たとえば、「従来の10倍の規模で研究する」というのは特色ですが、独創性かといわれると微妙なところです。「10倍の規模での研究を可能にする方法を開発した」のであれば独創性ですね。「これまでの研究経験から取り扱い技術に長けている」のは特色であり、「これまでの研究により申請者独自の解析系を確立しており、これを利用する」は独創性です。このように特色と独創性は紙一重ですが、微妙に内容が異なるのも事実です。添削をしていると、多くの人は特色は書けていますが、独創性が全く書かれていないか陳腐なものが多い印象です。

独創性とは

オリジナリティ、他の人ではなく「あなた」がこの研究をした方が良い理由などです。
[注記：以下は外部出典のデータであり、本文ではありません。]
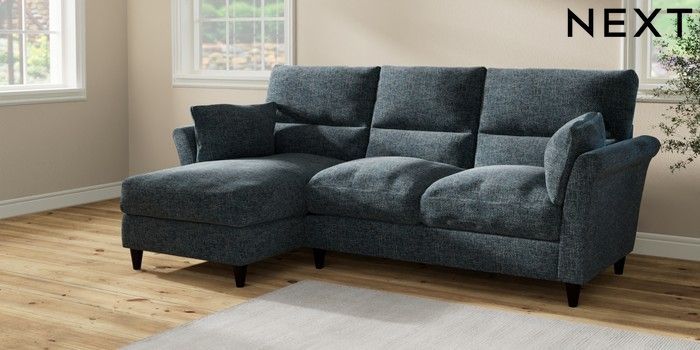7.2.10 Buy Hartley Highback Relaxed Sit Medium Sofa Chaise - Left Hand Chunky Chenille Dark Navy Blue Low Conical - Dark from the Next UK online shop Click here to use our accessible website

独創性は技術、着眼点、解決アプローチ、アイデアなどに起因することが多い印象です。これまでに解かれていいない問題を解決しようというのですから、問題そのものか解決方策に何かしらの新規性があるはずであり、それこそが独創性です。独自の技術・理論・装置や独自の解決方策などはわかりやすいレイですが、他にも、その問題に着目したこと自体やある問題をこの研究分野で取り扱う行為そのもの、なども含まれます。

そのことがなぜ特色や独創的と言えるのか

規模を大きくすることが研究するうえでの課題であったというコンセンサスがあるのであれば、それはそのまま書けばよいでしょうが、そうではない場合、「そのことのどこが特色なのだろう?」となってしまいます。他にも、「本研究は、AAAを利用することが特色である」とだけ書かれているような申請書を読んでも背景知識の無い審査員は「なぜAAAを利用することが特色だといえるのだろうか?」と思うはずです。こうした、疑問には先回りして答えておく必要があります。すなわち、

これまでの研究はBBBを利用してきたが、CCCという問題を解決できずにいた。これに対して、本研究では申請者のこれまでの研究成果からAAAを利用することでCCCの問題を回避し、より正確にDDDを明らかにできる点が特色である。

のように、なぜAAAを利用することが特色と言えるのかの理由付けをすると説得力が増します。